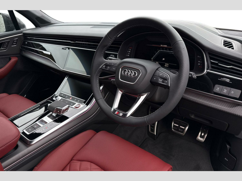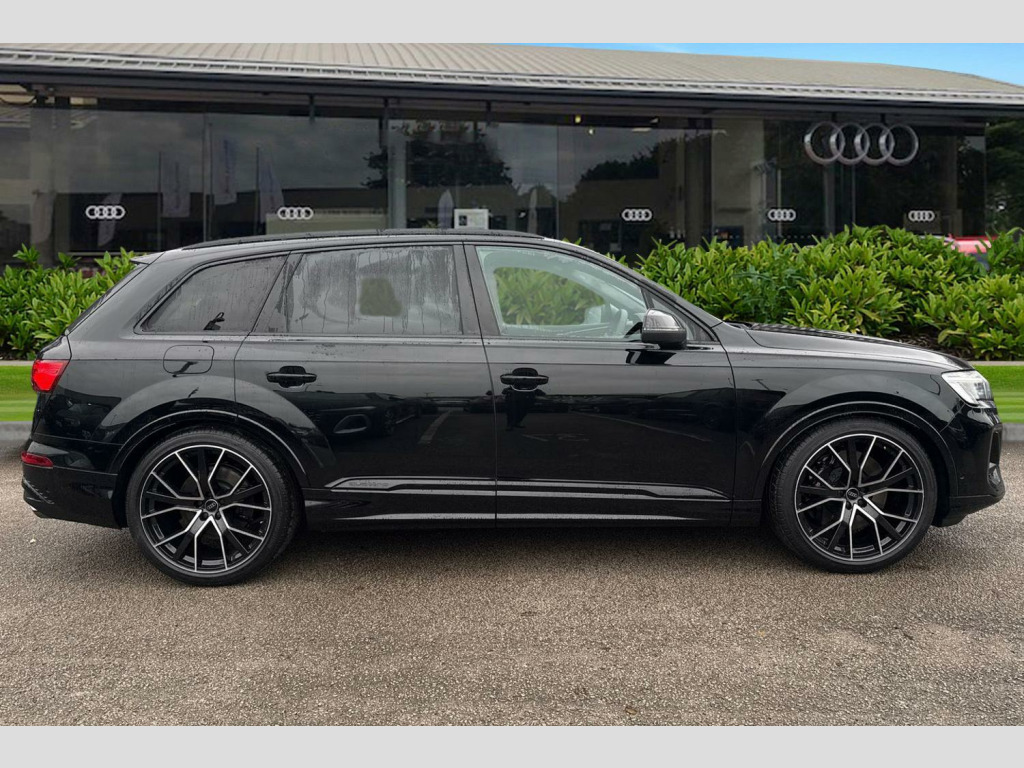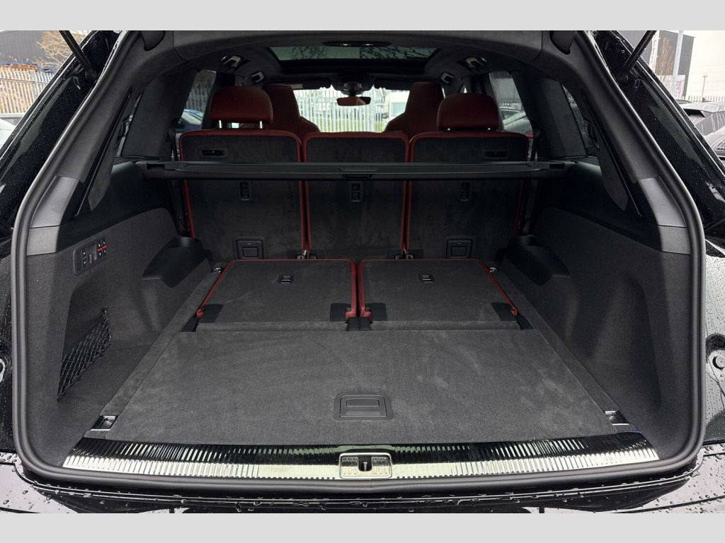 Technology is equally impressive, featuring Audi Virtual Cockpit Plus, Head-Up Display, MMI Navigation Plus, Bang & Olufsen sound system, wireless Apple CarPlay and Android Auto, Audi Connect services and a 360-degree camera with park assist. Safety and convenience are assured with adaptive cruise assist, lane departure warning, Audi pre-sense, keyless entry and power-operated tailgate – making this SQ7 Vorsprung a truly complete premium SUV. 22in Alloy Wheels - 10.0J 5 V-Spoke Star Audi Sport in Anthracite Black with High-Sheen Finish, 2 USB-C Ports with Charging Functionality in the Rear, 22in Alloy Wheels - 10.0J Muliti-Spoke S Design - Black Metallic - Gloss Turned Finish, 360 Degree Camera, 4-Way Lumbar Support for Front Seats, 7 Seats, Adaptive Windscreen Wipers with Integrated Washer Jets, Airbags - Driver - Front Passenger - Front Side - Curtain, All-Wheel Steering, Anti-Theft Alarm with Tow-Away Protection, Anti-Theft Wheel Bolts and Wheel Loosening Warning, Audi Beam, Audi Connect (3 Year Subscription From New), Audi Connect Safety and Service - e-call, Audi Connect with Amazon Alexa Integration, Audi Drive Select, Audi Music Interface in the Rear, Audi Phone Box Light with Wireless Charging, Audi Pre-Sense Front, Audi Smartphone Interface, Audi Virtual Cockpit Plus, Auto Dimming and Frameless Rear View Mirror, Bang and Olufsen Sound System, Black Dinamica Headlining, Black Roof Rails, Black Styling Package Plus, Camera-Based Traffic Sign Recognition, Carbon Door Mirrors, City Assist Pack, Comfort Front Centre Armrest, DAB Digital Radio, Deluxe Four-Zone Automatic Climate Control, Door Mirrors - Heated - Electrically Adjustable - Folding and Auto Dimming with Memory Function, Double Sun Visor, Driver and Front Passenger Memory Function for the Electrically Adjustable Front Seats, ESC - Electronic Stabilisation Control inc ABS - ASR and EDL, Electric Steering Wheel Adjustment, Electric Windows - Front and Rear, Electromechanical Active Roll Stabilisation, Electromechanical Parking Brake, Electromechanical Power Steering, Extended Leather Pack, Extended Pedestrian Protection Measures, First Aid Kit and Warning Triangle, Front and Rear Floor Mats, Fuel Tank 85L, HD Matrix LED Headlights with Audi Laser Light, Head-Up Display, Headlight Washers, Heated Front and Outer Rear Seats for The Second Row, Hold Assist, ISOFIX Child Seat Mounting for Front Passenger, Illuminated Door Sill Trims with S Logo, Inlays - Carbon Vector, Keyless Go with Remote Central Locking, LED Daytime Running Lights, LED Rear Lights Plus, Lane Departure Warning, Loading Edge Protection in Stainless Steel, Luggage Compartment Cover, Luggage Compartment Sill Protection in Stainless Steel, MMI Navigation Plus with MMI Touch, Manual Sunblinds for the Rear Side Windows and Manual Sunblinds for the Rear Window, Multi-Coloured Extended LED Interior Light Pack, Natural Voice Recognition, Operating Buttons in Matte Black, Park Assist with Parking Aid Plus, Parking Assist with Parking System Plus, Pedals in Stainless Steel, Power Door Closure, Power Operated Tailgate, Privacy Glass, S Line Badges on the Front Wings, S Line Bumpers in Full Body-Colour Paint Finish, S Line Roof Spoiler, S Line Styling Side Ventilation Grille and Side Skirts, S Specific Adaptive Air Sport Suspension, S Technology Pack Pro, Seat Belt Monitoring, Seat Ventilation and Massage Function for Front Seats, Steering Wheel - 3-spoke Heated Leather Multi-function with Shift Paddles, Tool Kit, Tour Pack, Tyre Pressure Loss Indicator, Tyre Repair Kit, Upper Interior Element with Contrast Stitching, Windshield with Heat Insulated Glass, quattro Sport Differential, 4-Zone Deluxe Automatic Climate Control, Adaptive Cruise Assist, All Wheel Steering, Aluminium Window Trims, Audi Application Store and Smartphone Interface, Audi Connect Navigation and Infotainment (3 Year Subscription From New), Audi Phone Box Light with Bluetooth and Wireless Charging, Audi Pre Sense Basic, Audi Pre-Sense Rear, Audi Side Assist, Collision Avoidance Assistant, Convenience Key, Convenience Key and Safelock, Cross Traffic Assist - Front, Cross Traffic Assist - Rear, Digital OLED Rear Combination Lamps, Electrically Opening and Closing Luggage Compartment Cover, Emergency Assist, Exit Warning, Panoramic Glass Sunroof, Park Assist Plus, Parking System Plus with 360 Degree Display, Predictive Efficiency Assistant, quattro All-Wheel Drive with Self-Locking Centre Differential, Seat Belt Reminder, Smartphone Interface includes Wireless Apple CarPlay and Android Auto, Start-Stop System, Turn Assist
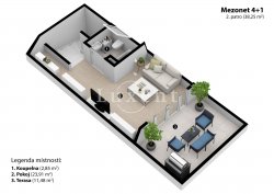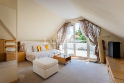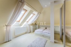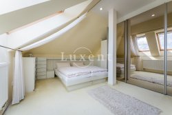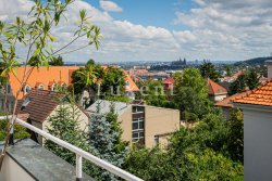 The lower part (118 sqm) of the apartment offers a spacious living room with fireplace, kitchen with dining room, bedroom, dressing room / study, bathroom with bath and shower, separate toilet and storage room. On the upper floor (26 sqm) there is a bedroom, bathroom with bath and toilet and a terrace with magnificent views of Prague Castle and the surrounding area. The non-residential space in the basement can be used as a studio, office or storage.
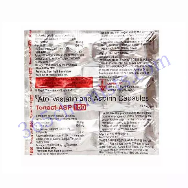 Tonact ASP 150 Capsule (Atorvastatin 10mg/Aspirin 150mg)
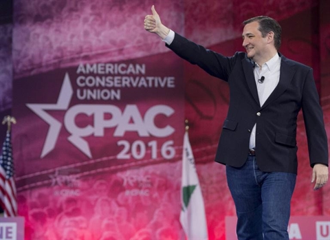 | Le sénateur texan et candidat aux primaires républicaines Ted Cruz, le 4 mars à Oxon Hill dans le Maryland. |
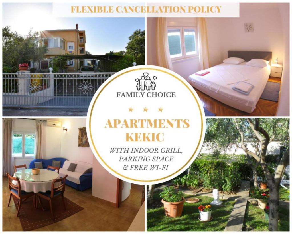 Apartments Kekic ligger i Kožin. Denne 3-stjernede private indkvartering tilbyder værelser med aircondition, grillfaciliteter, terrasse, have og gratis trådløs internetadgang. Samtlige værelser har terrasse med udsigt til haven. Samtlige ferieboliger i den private indkvartering har opholdsområde, fladskærms-tv med satellitkanaler, køkken, spiseplads og eget badeværelse. Ferieboligerne har klædeskab og elkedel. Apartments Kekic ligger 9 km fra Zadar og 36 km fra Biograd na Moru. Lufthavnen ligger 21 km væk.
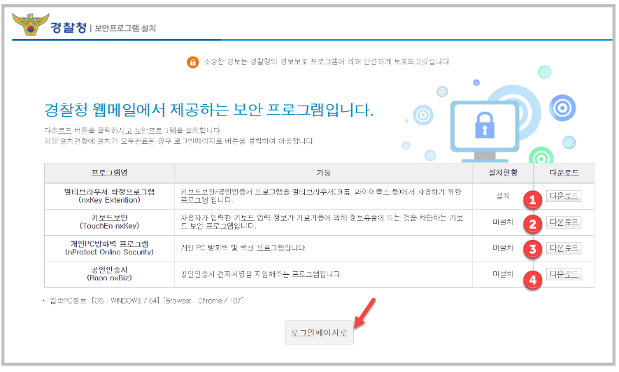 단, 공인인증서의 경우에는 인증서 로그인을 할 경우에만 필요한 것이므로 보안프로그램만 설치하고나서 로그인을 시도하는 것이 좋을 것 같습니다.
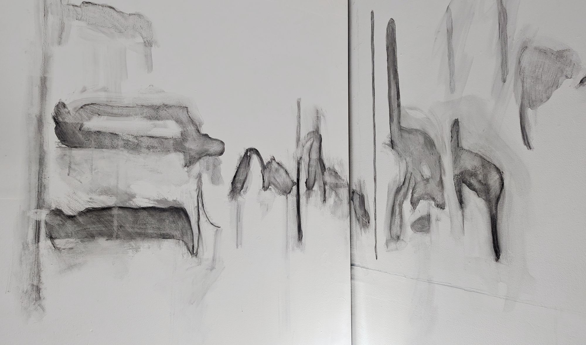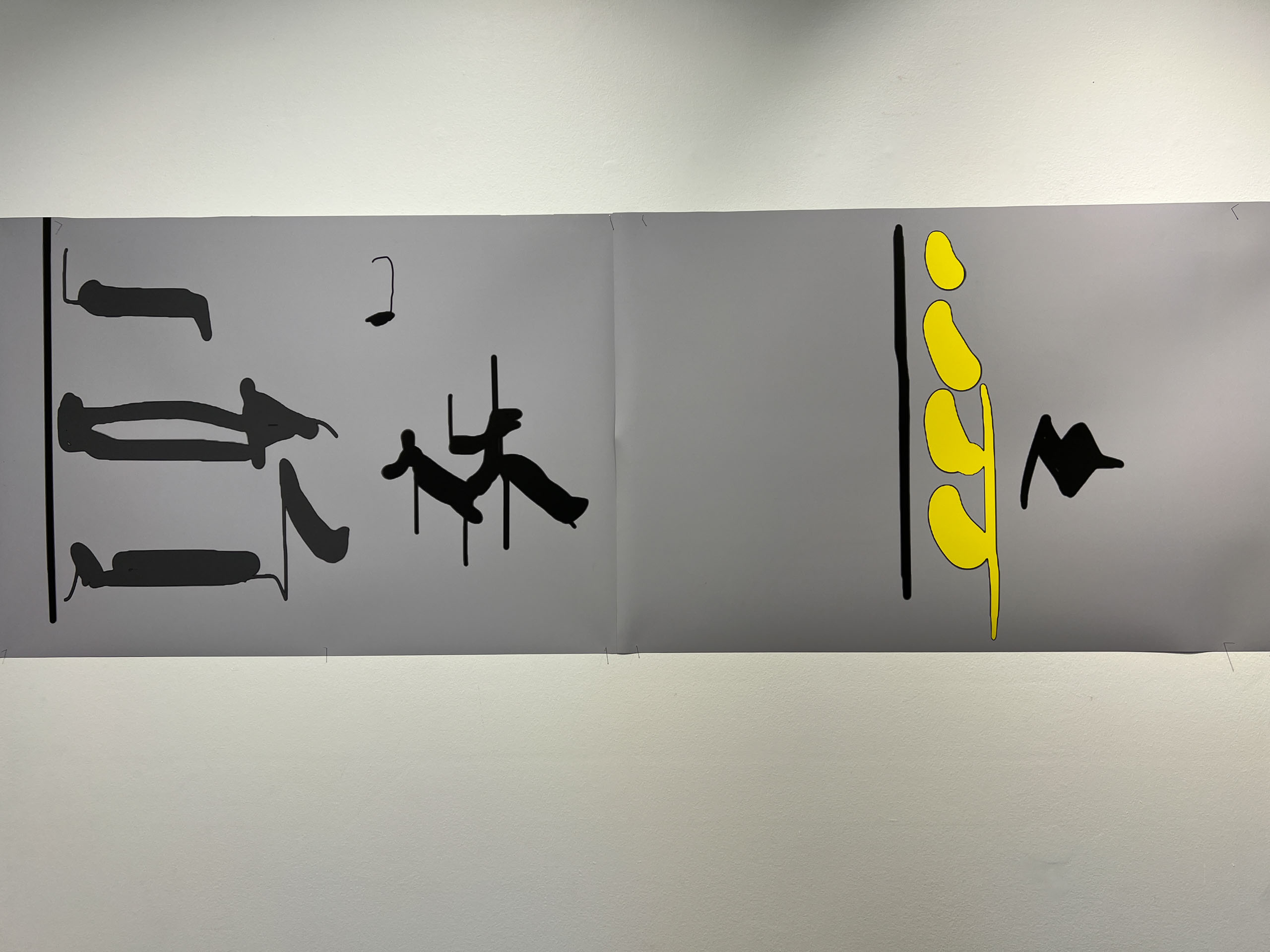 Murray and Burgess have recently won a CREATE NSW grant to commission music by composer Felicity Wilcox, "Call and Response", to be played in their installation at Blue Mountains Culture Centre Katoomba, December 2022- January 2023, for which this installation in the backroom is a trial run. The colours of the regent are grey, yellow, white and black.
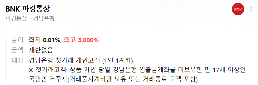 3. BNK 경남은행 파킹통장 — 5천만원까지 고금리
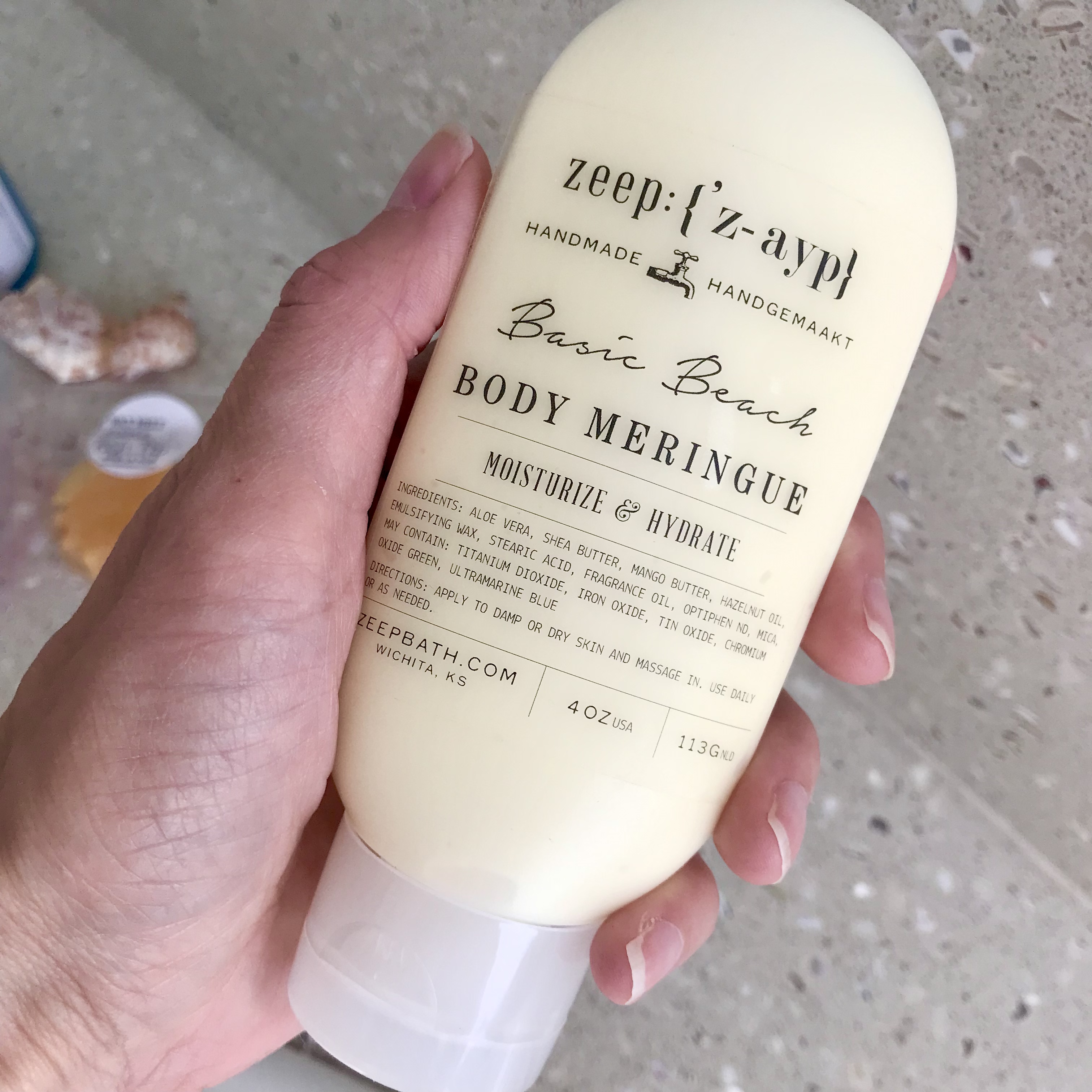 I decided I had to try one of their famous body meringues (I mean, meringue?!). I decided to try the Basic Beach scent, which is described as “fresh coconut, creamy vanilla, toasted marshmallow and refreshing sea salt”. Can you tell I love coconut?? This body cream is incredibly thick and contains both mango and shea butter as well as hazelnut oil and aloe vera. While it is a very rich consistency, I do not find it overly greasy or difficult to rub in.
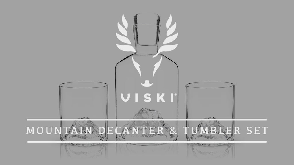 Display your liquor in style with this unique mountain decanter and tumbler set. This crystal liquor decanter set pays homage to the lofty peaks of the Pacific Northwest with a hand-blown, dimensional mountain base. These handmade items may exhibit slight variations.
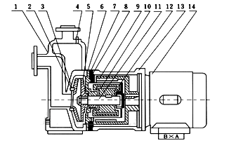 8.隔離層 | 9.外磁鋼總成 | 10.內(nèi)磁鋼總成 | 11.泵軸 | 12.軸套 | 13.聯(lián)接架 | 14.電機(jī) |
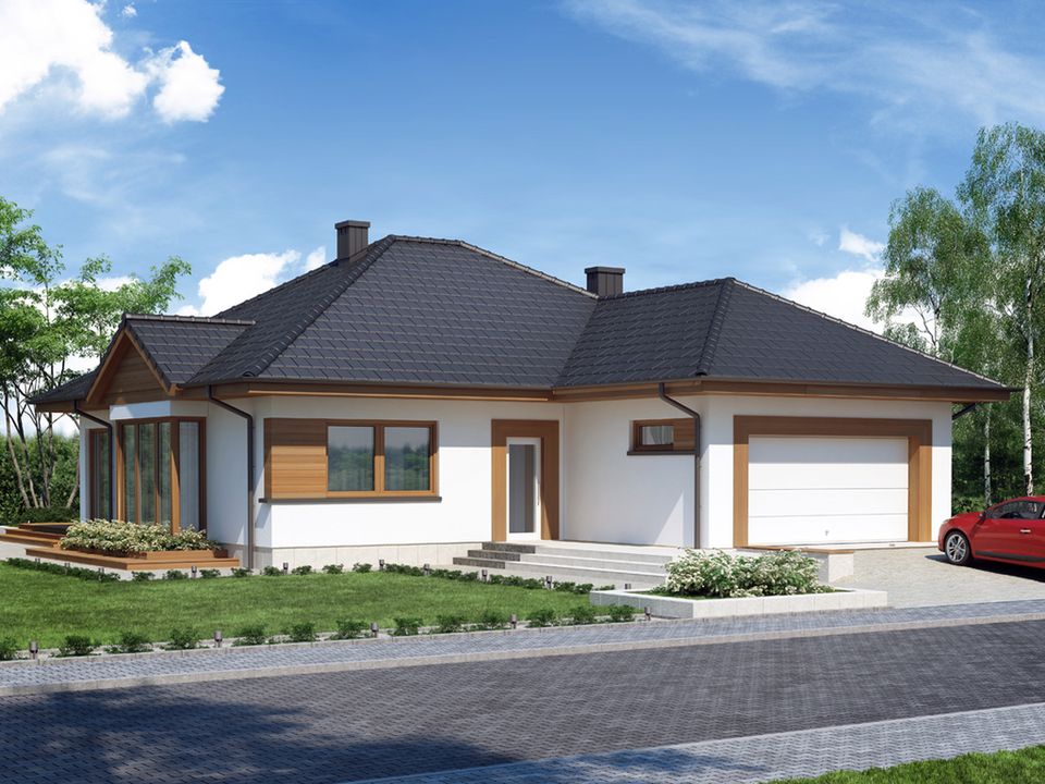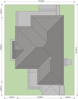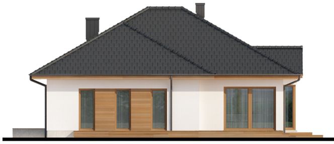 Graficzne opracowanie rzutów poglądowych widocznych na karcie projektu zostało wykonane przez Extradom.pl. Prezentowane przez Extradom.pl wizualizacje wykonane zostały przez autora projektu i należy poczytywać je jedynie za przykład i propozycję wykończenia, wizję architektoniczną autora projektu. Ostateczne wykończenie budynku może nastąpić na wiele sposobów. Szczegółowe rozwiązania zastosowane w oferowanej dokumentacji - w tym również ilość, lokalizacje i wygląd okien, drzwi, kominów - mogą w niewielkim stopniu różnić się od prezentowanej wizualizacji budynku.

## TASK DETAILS
From the line that contains "Display your liquor" to the final line of the material, write out each line exactly. Pictures stay out.

## EXERCISE ANSWER
 Display your liquor in style with this unique mountain decanter and tumbler set. This crystal liquor decanter set pays homage to the lofty peaks of the Pacific Northwest with a hand-blown, dimensional mountain base. These handmade items may exhibit slight variations.
 8.隔離層 | 9.外磁鋼總成 | 10.內(nèi)磁鋼總成 | 11.泵軸 | 12.軸套 | 13.聯(lián)接架 | 14.電機(jī) |
 Graficzne opracowanie rzutów poglądowych widocznych na karcie projektu zostało wykonane przez Extradom.pl. Prezentowane przez Extradom.pl wizualizacje wykonane zostały przez autora projektu i należy poczytywać je jedynie za przykład i propozycję wykończenia, wizję architektoniczną autora projektu. Ostateczne wykończenie budynku może nastąpić na wiele sposobów. Szczegółowe rozwiązania zastosowane w oferowanej dokumentacji - w tym również ilość, lokalizacje i wygląd okien, drzwi, kominów - mogą w niewielkim stopniu różnić się od prezentowanej wizualizacji budynku.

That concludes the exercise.